Insomma, Dalfy non potrebbe rifiutarsi, lo stabilisce il codice di procedura penale. Ma lui si rifiuta, eccome:
“Mi permetto di osservare come non possa essere condivisibile la vostra affermazione secondo la quale la campagna elettorale non rivesta, a termini di legge, i tratti dell’impedimento legittimo – scrive Dalfy nella risposta datata 1 febbraio – infatti, la vastità del territorio nel quale deve essere svolta la campagna, le modalità di questa (riunioni, assemblee, colloqui, comizi eccetera), la ristrettezza dei tempi utilizzabili, come prefissati dal legislatore, ben possono costituire, a mio parere, legittimo impedimento. Peraltro non sembra che la mia mancata presenza ad una delle date da voi indicate possa essere qualificata come rifiuto”.
Invece proprio di rifiuto si tratta, tanto che i legali alla fine presentano la denuncia. La Regione è responsabile di gravissime omissioni, si legge nelle 50 pagine: sapeva che il territorio regionale era ed è “strutturalmente esposto per ampie zone al rischio valanghe; che doveva essere realizzata la mappatura dei territori esposti; che erano in fase di elaborazione delle procedure, da concordare col corpo forestale, per la diffusione puntuale, tramite sms, del rischio valanghe agli enti delle aree interessate”. In sei giorni, dal 23 al 29 luglio del 2014, sparisce la Carta di localizzazione del pericolo valanghe”, nonostante ci fosse già una delibera che stanziava fondi. Ma ecco cosa dicono gli avvocati Tatozzi, Valentini e Manieri:
“Il Sindaco di Farindola ci ha conferito un incarico – spiegano i tre avvocati – quello di indagare non solo a sua difesa, ma a 360 gradi, per fornire un contributo all’accertamento della verità su questa terribile sciagura che ha colpito la nostra Regione. Il Sindaco è consapevole che nel mandato che ha ricevuto dal Popolo è inclusa la protezione degli abitanti del territorio comunale ed è pronto a rispondere davanti alla giustizia delle sue condotte; ma vuole che l’accertamento includa tutti coloro che, al pari di lui, hanno ricevuto un mandato popolare che include anche la protezione dai pericoli, compreso il Presidente della Regione. E del resto il Presidente è capo della Protezione Civile regionale esattamente come il Sindaco lo è della Protezione Civile comunale e il Prefetto del livello Provinciale”

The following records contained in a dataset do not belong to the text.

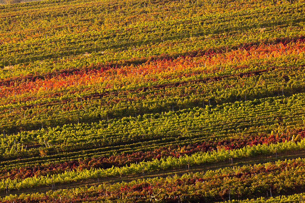 Vergessen Sie nicht, dass nicht nur große Bäume, sondern auch andere kleinere Landschaftselemente ihre Farbe ändern – oder auch Weinberge. Ihre Regelmäßigkeit steht im Kontrast zu den natürlichen Formen und Sie können sie sowohl von oben als auch aus der Nähe fotografieren.
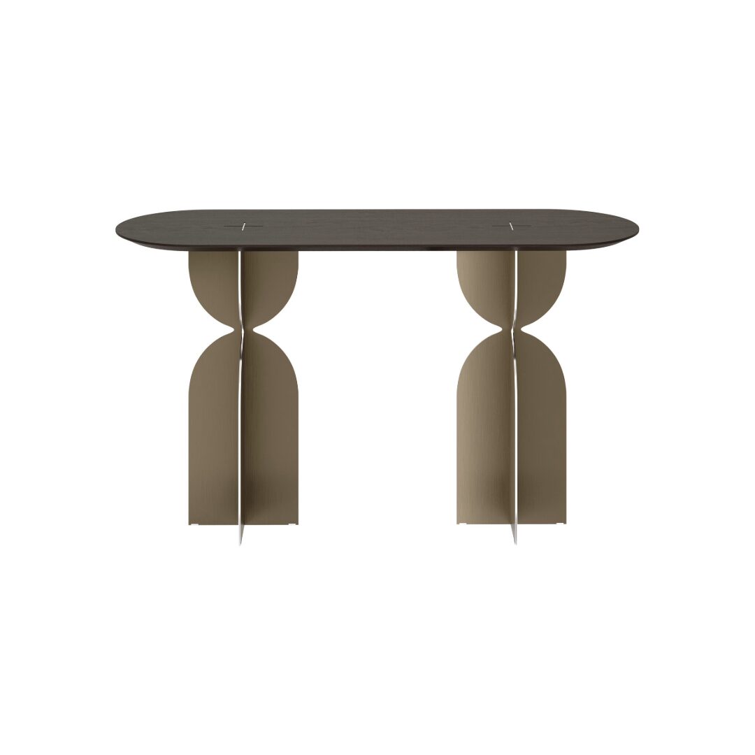 This designer console table blends functionality with contemporary style. The bold geometric lines of the stainless steel base create a sculptural focal point, while the oak veneer top offers a warm and refined finish. Ideal for displaying décor, lamps, or artwork, it’s a statement piece that enhances both modern and luxury interiors.
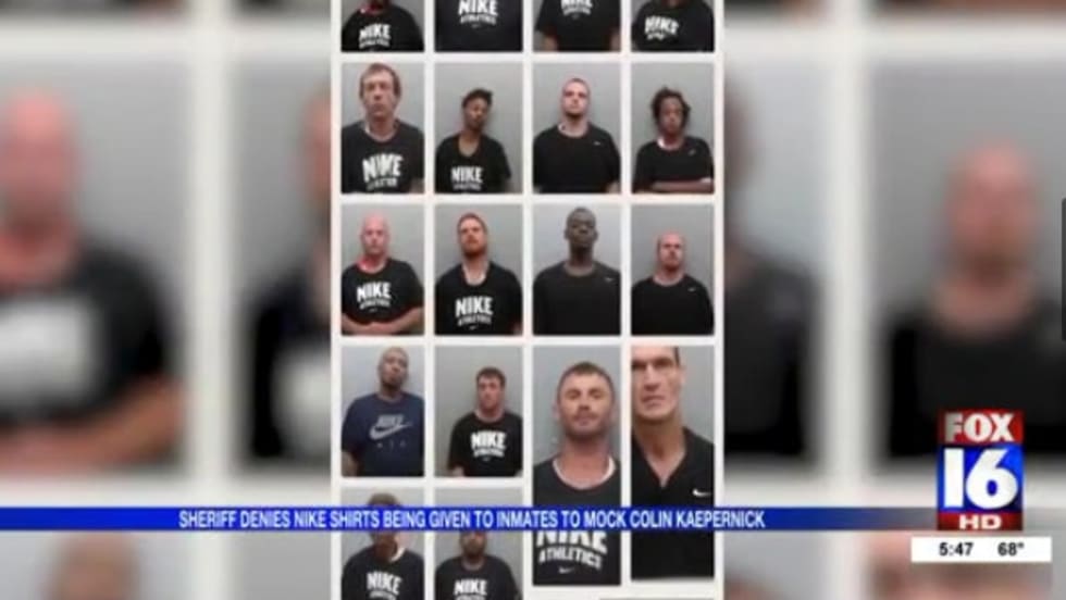 Sheriff Roberts says the shirts were given to people who came into the jail without "proper attire during the booking process." Roberts says the shirts weren't purchased by his department -- but rather, already on-hand.
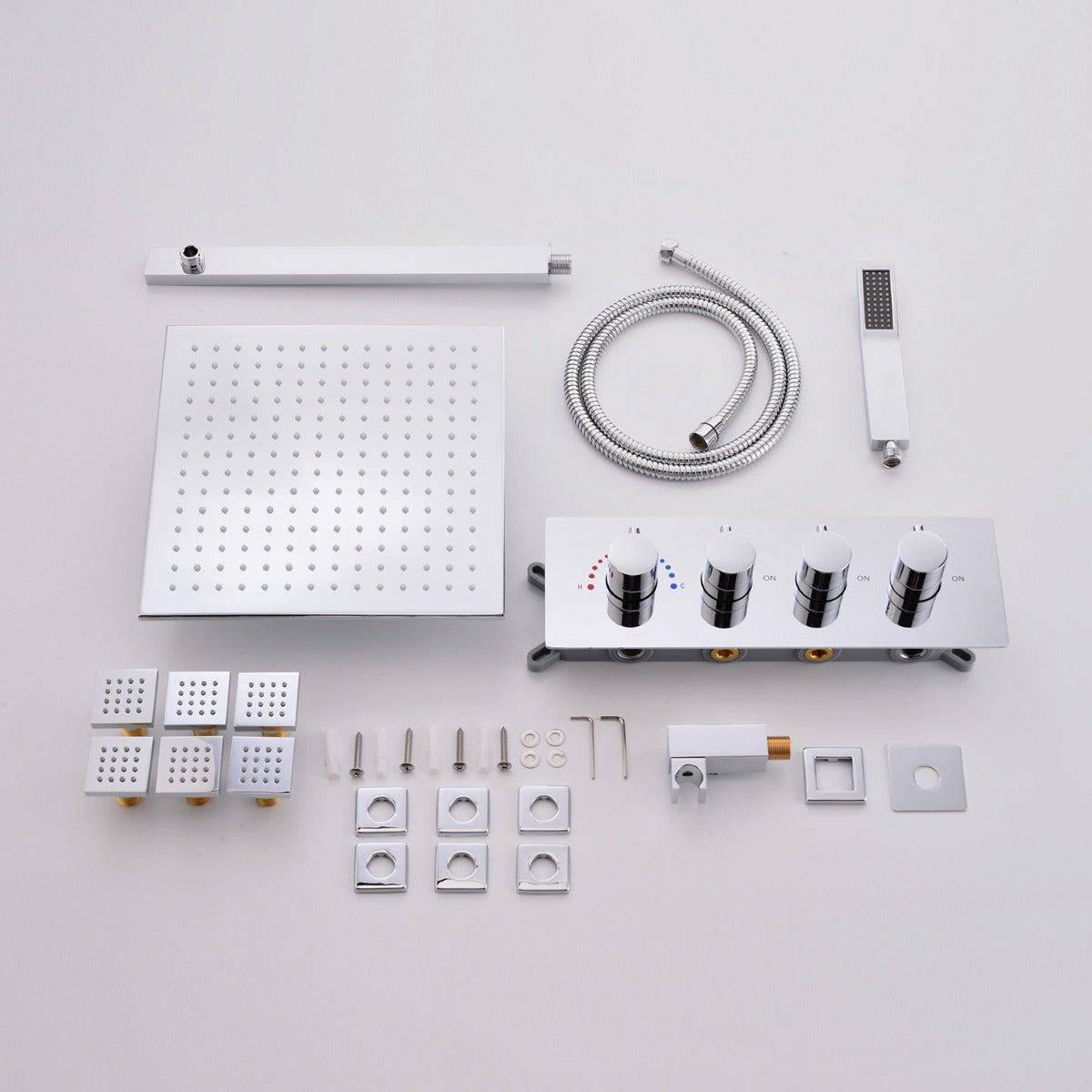 Product Type: Shower Head Finish Type: Chrome Installation Type: Wall Mount Shower Type: Rainfall Features: 6 Body Jets with Handlheld shower Material Type: Brass Shower shape: Square
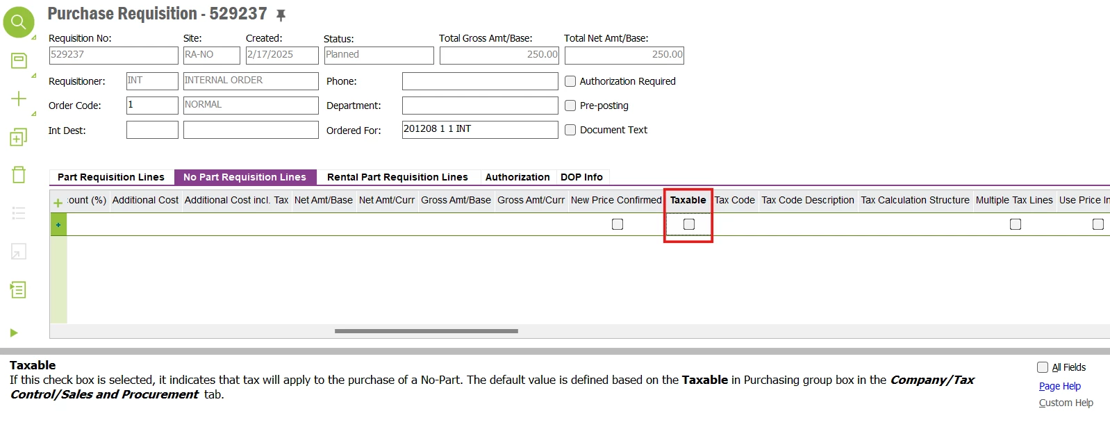 A Tax Code is required when supplier tax validation has Transaction Level selected on Company, Tax Control tab
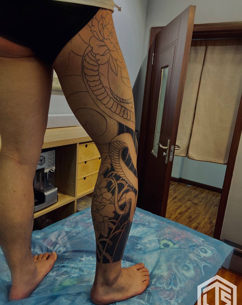 当前位置: 首页 >甘肃省兰州市纹身店-纹路刺青纹身图案>传统蛇花腿纹身图片_腿部老传统纹身图案
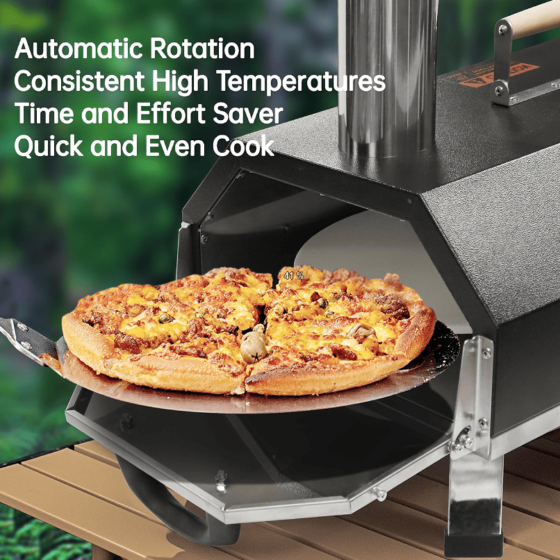 SKU: 0087164512 Inch Automatic Rotating Pizza Oven, Portable Wood Burning Pizza Oven with Built-in Thermometer, Outdoor Kitchen Authentic Stone Baked Pizza, Freestanding Carbon Grill, Pizza Stone with Wheels, and Oven with Chimney. Ceramic Stone Pizza Oven and Toaster for Patio/Camping Outdoor Cooking, Black
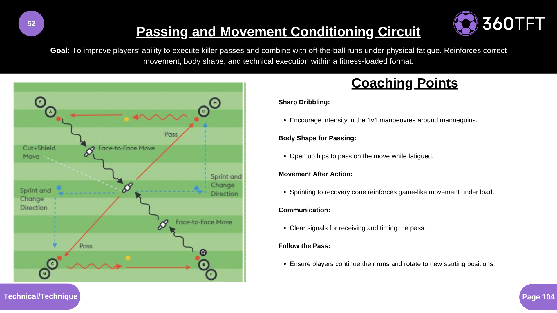 Sharp Dribbling: • Encourage intensity in the 1v1 manoeuvres around mannequins. Body Shape for Passing: • Open up hips to pass on the move while fatigued. Movement After Action: • Sprinting to recovery cone reinforces game-like movement under load. Communication: • Clear signals for receiving and timing the pass. Follow the Pass: • Ensure players continue their runs and rotate to new starting positions.
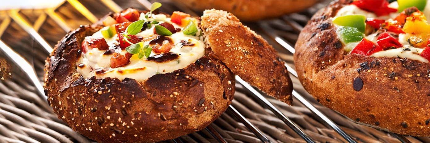Syrové sedliacke mini-fondue konzumujeme pomocou upečeného vršku zo žemličiek, ktorý nám poslúži nielen ako príloha, ale aj ako lyžica.
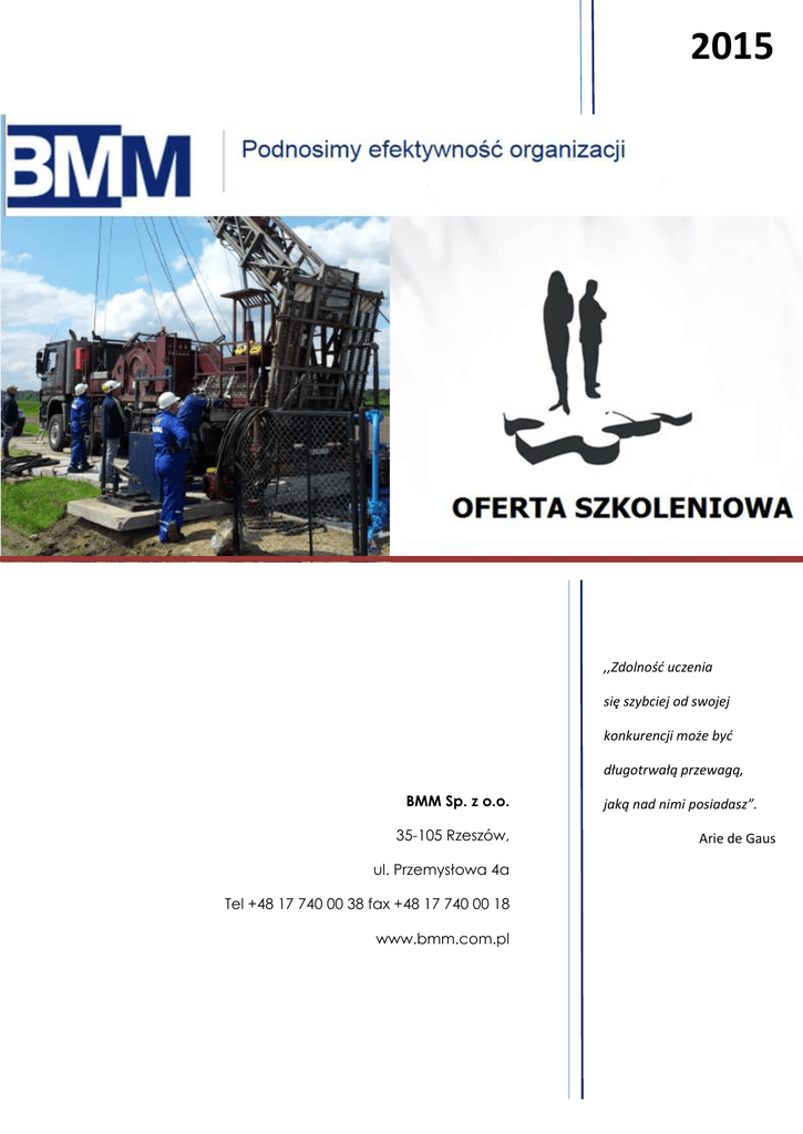 2015 ,,Zdolność uczenia się szybciej od swojej konkurencji może być długotrwałą przewagą, BMM Sp. z o.o. 35-105 Rzeszów, ul. Przemysłowa 4a Tel +48 17 740 00 38 fax +48 17 740 00 18 www.bmm.com.pl jaką nad nimi posiadasz”. Arie de Gaus O FIRMIE Centrum Szkoleniowe BMM Sp. z o.o. działa na polskim rynku doradczo-szkoleniowym od 2000 roku. Jesteśmy wyodrębnioną jednostką polskiej dynamicznie rozwijającej się spółki informatyczno – szkoleniowej, która od 1995 roku wspomaga rozwój procesów biznesowych w przedsiębiorstwach i instytucjach na terenie całego kraju. Na bazie własnych doświadczeń i kilkuletniej praktyki szkoleniowej, stworzyliśmy programy szkoleń, by wspierały działalność firm, pozwalały rozwiązywać problemy i otwierały na nowe możliwości, odpowiadające zmieniającym się wymaganiom rynku. Zachęcamy naszych klientów aby na każdym etapie projektu szkoleniowego aktywnie brali udział w konstruowaniu i modyfikacji poszczególnych modułów szkoleniowych, aby w pełni odpowiadały one konkretnym zapotrzebowaniom ich firmy. Nasza kadra trenerska to specjaliści danej branży, którzy posiadają nie tylko wieloletnie doświadczenie i wiedzę teoretyczną, ale przede wszystkim praktyczną. Doskonale znający zarówno przepisy jak i problemy z jakimi borykają się pracownicy na co dzień. Nasi Trenerzy podczas szkolenia dzielą się z Państwem bezcennym doświadczeniem oraz zainspirują sprawdzonymi rozwiązaniami omawianych problemów. Dziś nasze usługi świadczymy na terenie całego kraju, współpracując z Klientami ze wszystkich sektorów. Zaufali nam m.in: OFERTA SZKOLENIOWA W naszej ofercie znajdą Państwo gamę szkoleń dedykowanych dla branży naftowo-gazowej, energetyki i górnictwa. Jeżeli potrzebują Państwo szkolenia zamkniętego dla swojej grupy pracowników, prosimy o kontakt. Jesteśmy otwarci na propozycję, które pomogą w jeszcze lepszym świadczeniu przez nas usług. Agnieszka Janik Specjalista ds. sprzedaży produktów szkoleniowych i obsługi szkoleń tel. 17 740 00 38, 509 906 318. [email protected] REALIZOWANE TEMATY SZKOLEŃ TEMAT CENA TRENER LICZBA GODZIN Netto* Janusz Malinga 8 690,00 Janusz Malinga 16 1380,00 1. Szkolenie z zakresu Zmian w Prawie Geologicznym i Górniczym MIEJSCE Katowice/ Piotrków Trybunalski Katowice/ Piotrków Trybunalski Szkolenie odpowie na wszystkie nurtujące Państwa pytania dotyczące ustawy Prawo geologiczne i górnicze, a zwłaszcza przepisów wykonawczych. Podpowie jak przełożyć nowe przepisy na rzeczywistość, jak przygotować dokumentacje zgodnie z ustawą i przepisami oraz jak przygotować się do kontroli. W trakcie szkolenia zostaną także poruszone następujące zagadnienia: użytkowania górnicze, koncesje na działalność regulowaną nową ustawą, prace i dokumentacje geologiczne, plany ruchu zakładu górniczego, kwalifikacje, działalność represyjna i przepisy karne i inne wskazane przez grupę. 2. Odszkodowania za szkody w pożytkach i w częściach składowych nieruchomości powstałe podczas budowy urządzeń przesyłowych i dystrybucyjnych Jerzy Dąbek 8 650,00 Łódź/ Piotrków Trybunalski Przybliżymy uczestnikom pojęcie szkody i odszkodowania oraz wynagrodzenia w Kodeksie cywilnym oraz w postępowaniu administracyjnym. Przedstawimy rodzaje szkód o charakterze tymczasowym i trwałym spowodowane budową i eksploatacja urządzeń infrastruktury technicznej. Podpowiemy jak określać wartości szkód w produkcji rolniczej. Poruszone zostaną zagadnienia określania wartości szkód w drzewostanie leśnym oraz określanie wartości pojedynczych drzew. Określanie utraconego dochodu z nieruchomości na której istnieje kopalina oraz wartości utraconego dochodu ze stawów rybnych na skutek ich czasowego zajęcia. A także określanie szkód o charakterze trwałym w nieruchomości. Podamy przykłady określenia wynagrodzenia za czasowe zajęcie części nieruchomości w celu budowy urządzenia. Określanie wartości szkód w pożytkach z nieruchomości. Przedstawimy przykłady określenia wartości szkód w produkcji rolniczej. Łukasz Jankowski i Jakub Kasnowski 3. Prawo energetyczne 8 560,00 Łódź/ Piotrków Trybunalski Celem szkolenia jest omówienie kluczowych instytucji prawa energetycznego. Szkolenie przedstawia kompleksowo system prawa energetycznego wskazując na jego podstawowe cechy i określając podmioty występujące na rynku energetycznym wraz z ich obowiązkami. Ważnym elementem szkolenia jest zarysowanie granic ryzyk regulacyjnych, zarówno w ujęciu energetycznym, jak i antymonopolowym oraz z zakresu ochrony konsumentów. Ponadto na szkoleniu zostaną omówione najnowsze i projektowane zmiany w prawie energetycznym i pozostałych ustawach sektorowych oraz przepisach wykonawczych. 4. Infrastruktura techniczna na nieruchomościach Obowiązujące i planowane przepisy prawne oraz zasady określania odszkodowań i wynagrodzeń przy urządzeniach infrastruktury/ technicznej /wiertniczych, dystrybucyjnych i przesyłowych Piotr Zamroch i Jerzy Dąbek 16 1390,00 Łódź/ Piotrków Trybunalski Celem jest zapoznanie uczestników z aktualnym i planowanym stanem prawnym dotyczącym praw własności w sytuacji realizacji inwestycji infrastrukturalnych na cudzym gruncie oraz zadań i obowiązków inwestora w obszarze uzgadniania i wypłacania wynagrodzeń i odszkodowań. Trenerzy odpowiedzą na pytania Jak egzekwować decyzje administracyjne od organów samorządowych w przysługujących terminach? Na jakich obecnie przepisach opierać swoje wnioski i uzasadnienia. Czego można się spodziewać po wejściu planowanych nowelizacji aktów prawnych regulujących sprawy nie-ruchomości?! 5. Sektorowe Zamówienia Publiczne -kompleksowe warsztaty Wojciech Piórkowski 8 490,00 Piotrków Trybunalski/Katow ice Zajęcia prowadzone będą w formie interaktywnych zajęć praktycznych z prezentacją licznych przykładów. Dodatkowo zajęcia wspomagane będą pre

Il Presidente sapeva dell’emergenza neve in arrivo; sapeva della sua gravità.
“Conosceva i possibili costi in termini di vite – sostengono i tre avvocati – Sapeva sin dal giorno 16 che la Sala Operativa era in stato di massima allerta proprio a causa delle difficoltà di circolazione già create a quella data dalle copiose nevicate in atto; ma ciò nonostante non ha svolto nessuno dei compiti che la legge gli imponeva.
In sostanza, ciò che viene denunciato non è l’emergenza “dopo Rigopiano” ma l’assenza di una organizzazione per la prevenzione e per la gestione dell’emergenza neve. Quindi, aggiungono, “se il massimo organo di comando della Protezione civile regionale avesse ordinato la dovuta prevenzione e se avesse poi gestito l’emergenza neve nei modi ordinati dalla legge, oggi non saremmo qui a parlare di Rigopiano”.